**SUPPLIED ENTRIES:**
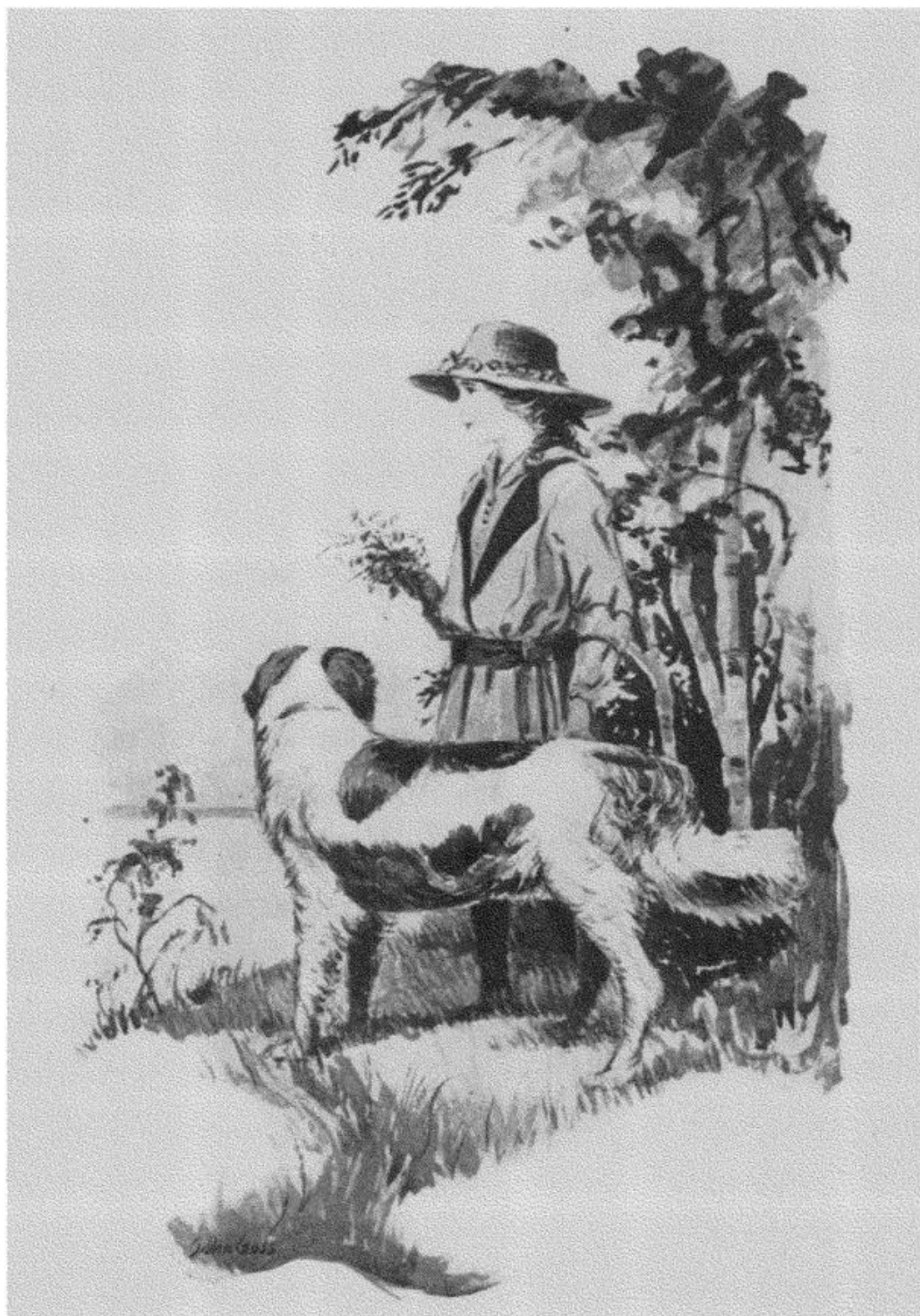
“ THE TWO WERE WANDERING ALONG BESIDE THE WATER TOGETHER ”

* * *

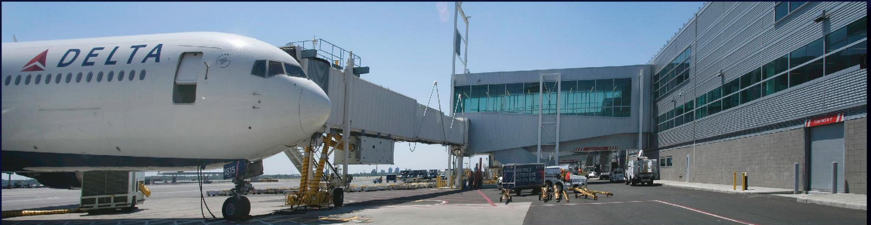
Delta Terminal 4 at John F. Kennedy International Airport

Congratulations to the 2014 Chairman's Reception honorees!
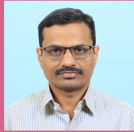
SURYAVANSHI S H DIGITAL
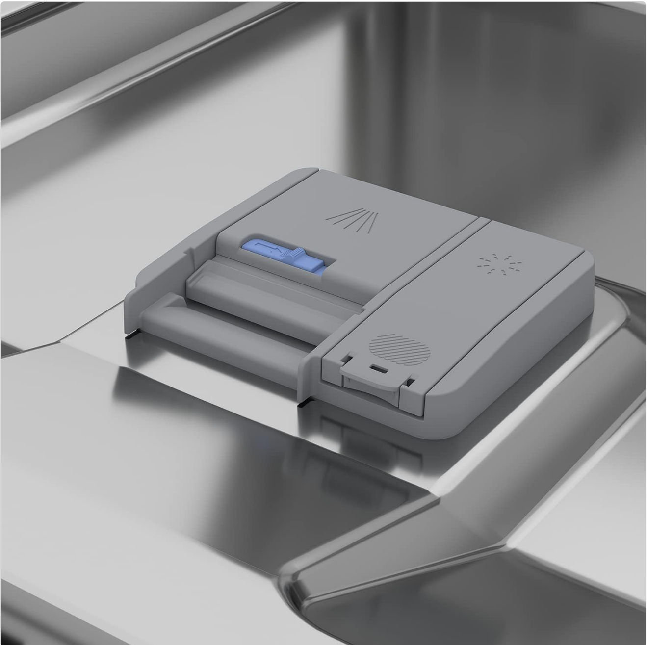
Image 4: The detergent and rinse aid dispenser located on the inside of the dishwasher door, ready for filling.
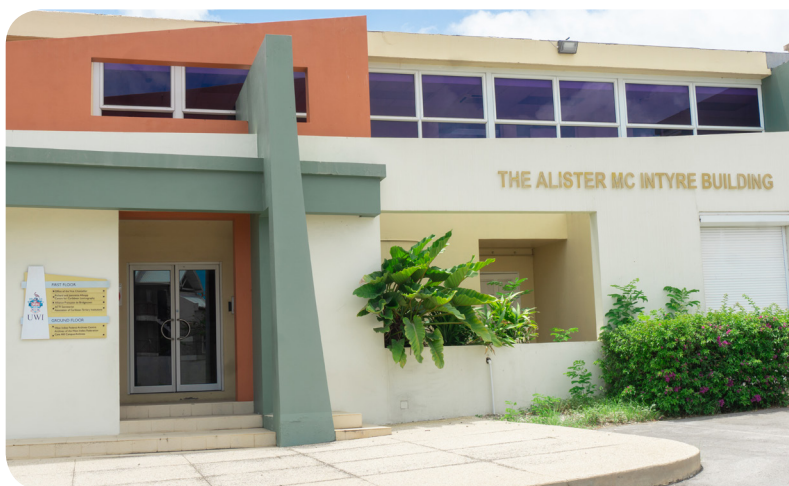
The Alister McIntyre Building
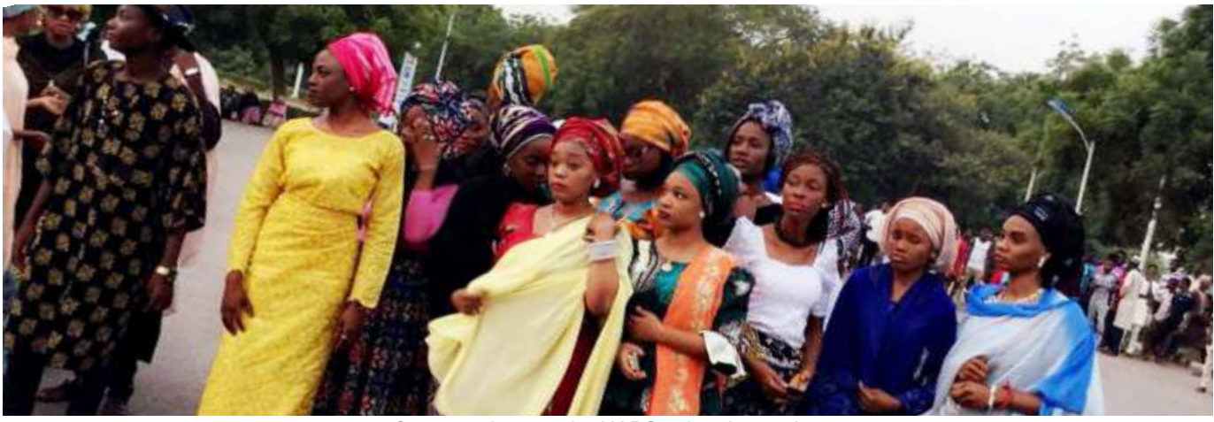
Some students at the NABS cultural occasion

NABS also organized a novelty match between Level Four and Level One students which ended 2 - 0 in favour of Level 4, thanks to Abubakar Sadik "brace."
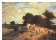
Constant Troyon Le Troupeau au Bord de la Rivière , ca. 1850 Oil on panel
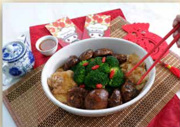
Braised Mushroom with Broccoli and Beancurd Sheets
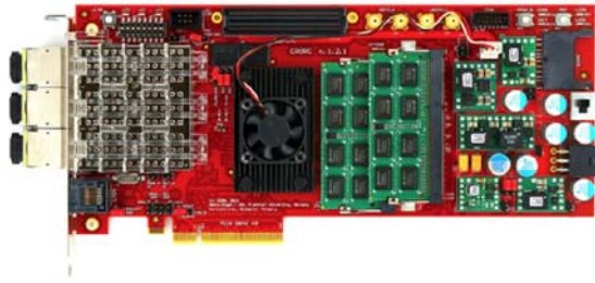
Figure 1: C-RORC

---

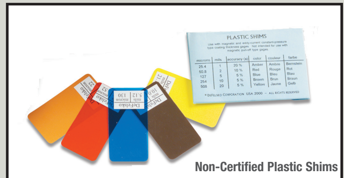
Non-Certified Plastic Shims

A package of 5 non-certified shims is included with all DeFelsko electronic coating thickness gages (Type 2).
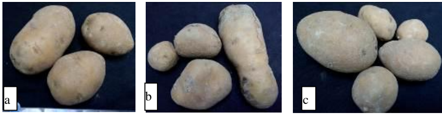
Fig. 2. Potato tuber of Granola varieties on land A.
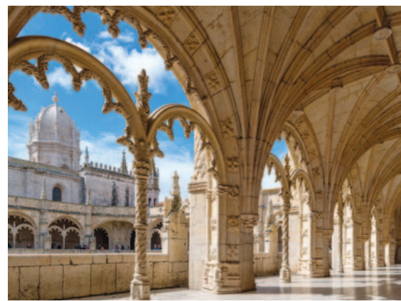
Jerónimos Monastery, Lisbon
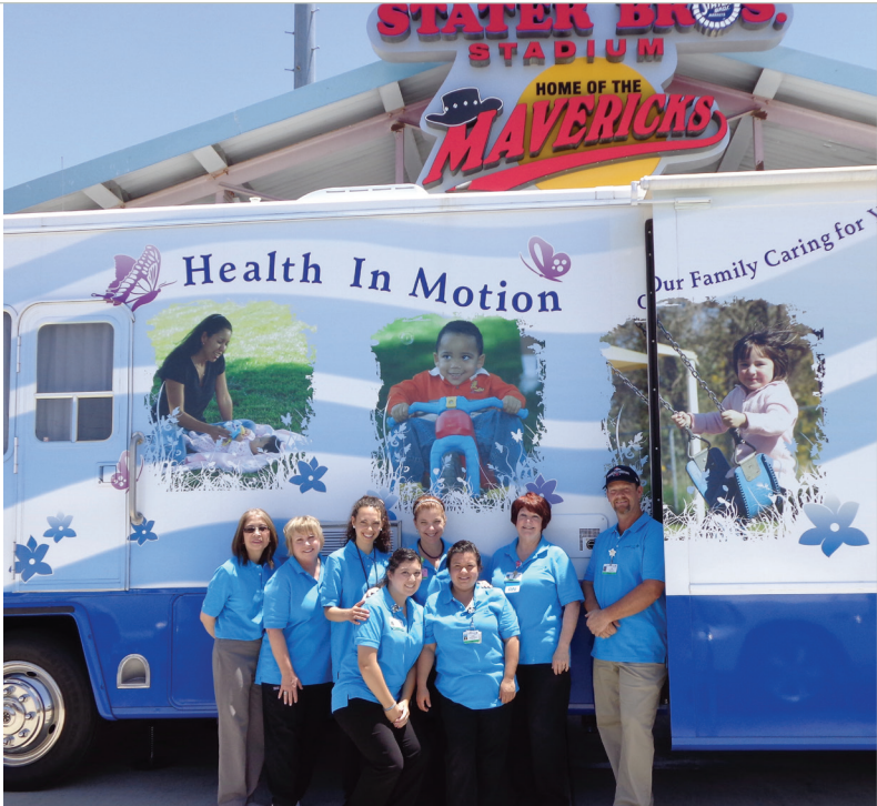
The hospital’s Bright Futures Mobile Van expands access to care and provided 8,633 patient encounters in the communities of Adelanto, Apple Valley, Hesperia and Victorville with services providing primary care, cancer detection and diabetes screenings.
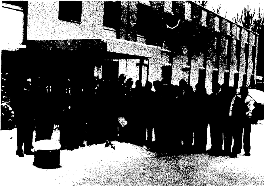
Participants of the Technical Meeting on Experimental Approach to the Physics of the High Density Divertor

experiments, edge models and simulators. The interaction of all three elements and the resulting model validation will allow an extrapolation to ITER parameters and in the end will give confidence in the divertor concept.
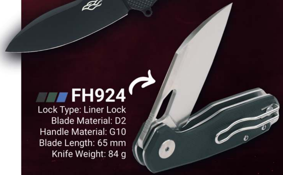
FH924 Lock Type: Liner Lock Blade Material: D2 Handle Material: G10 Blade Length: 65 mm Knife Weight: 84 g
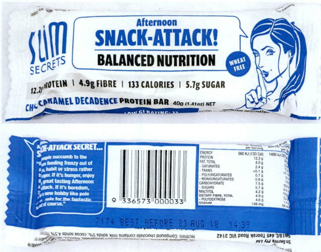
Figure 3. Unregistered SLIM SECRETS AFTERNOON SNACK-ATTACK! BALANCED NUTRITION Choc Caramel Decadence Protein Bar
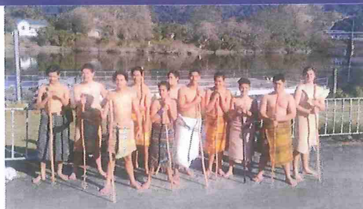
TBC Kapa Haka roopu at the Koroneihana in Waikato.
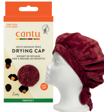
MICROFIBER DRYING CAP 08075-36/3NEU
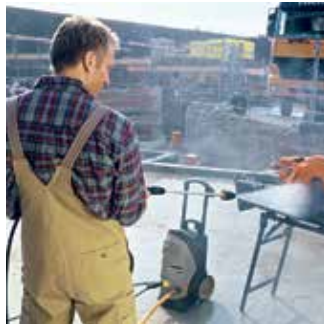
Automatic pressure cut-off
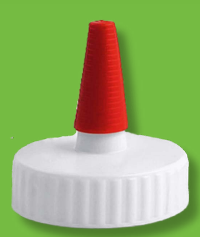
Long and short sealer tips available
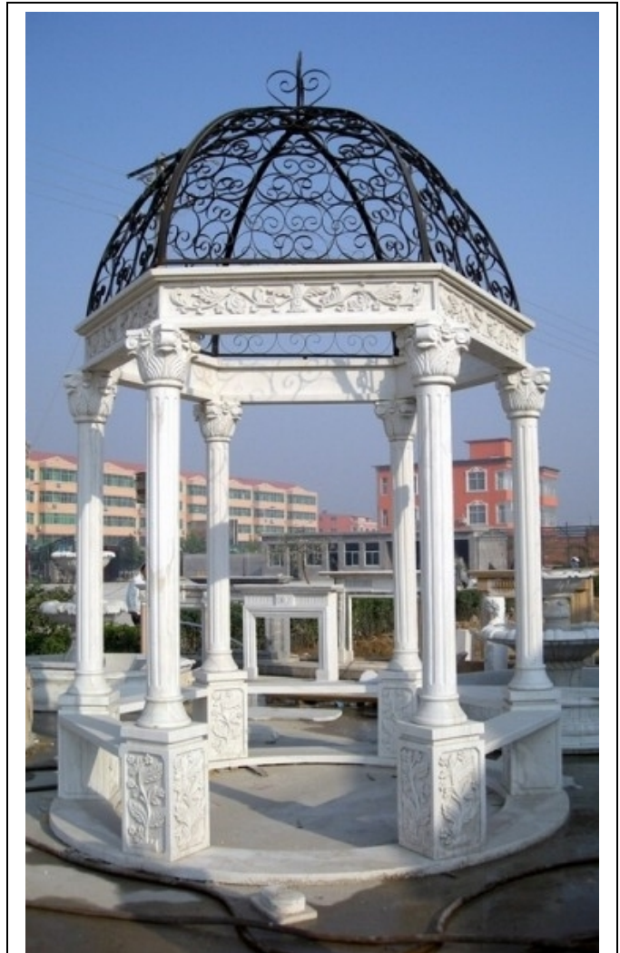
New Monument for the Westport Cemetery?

**WHAT YOU SHOULD DO:** Which lines in the records above contain the string "with"? Copy them.

**RESPONSE BOX:**
Braised Mushroom with Broccoli and Beancurd Sheets
A package of 5 non-certified shims is included with all DeFelsko electronic coating thickness gages (Type 2).
The hospital’s Bright Futures Mobile Van expands access to care and provided 8,633 patient encounters in the communities of Adelanto, Apple Valley, Hesperia and Victorville with services providing primary care, cancer detection and diabetes screenings.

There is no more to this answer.